Today, as reported by the New York Times, the court ruled 4-to-1 against saving Beatriz’s life, citing the country’s legal “absolute impediment to authorize the practice of abortion.” The court ruled that “the rights of the mother cannot be privileged over those” of the fetus.

“The refusal of the Salvadoran Supreme Court to allow Beatriz to obtain a medical procedure that could save her life is an appalling and disgraceful violation of her fundamental human rights,” said Lilian Sepúlveda, director of the global legal program at the Center for Reproductive Rights.

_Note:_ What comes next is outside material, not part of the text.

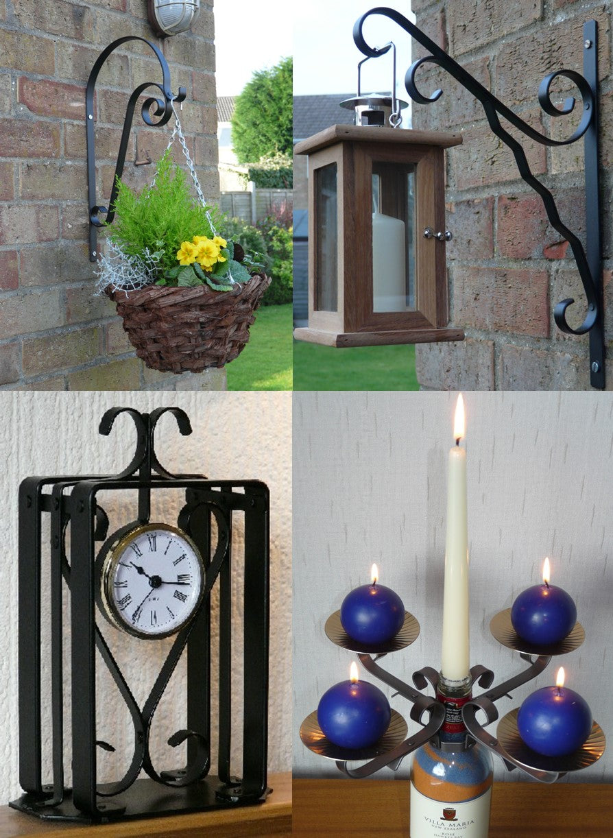 Three wrought iron projects in a kit for beginners. Make your own wrought iron candelabra, make your own decorative hanging basket bracket, make your own carriage clock.

El Salvador’s ban has not only resulted in the denial of medically-necessary abortions for women like Beatriz who desperately need them, but also in the imprisonment of far too many women who have suffered miscarriages or obstetric complications. Salvadoran women have been paying an unacceptably high price for El Salvador’s abortion ban. Women should never lose their fundamental rights, or be subject to such cruel and inhuman treatment, simply because they have become pregnant.

Anti-choice groups praised the decision with misogynistic glee. In a statement as grotesque as it is chilling, Julia Regina de Cardenal, director of the foundation Yes to Life, stated: “Once again Salvadorans have given an example to the entire world that we defend the right to life of all human beings however small, poor, vulnerable or defenseless.”

In other words, a woman has no rights. She is not counted among those “human beings” noted by de Cardenal. Even when “the fetus” has no chance to live.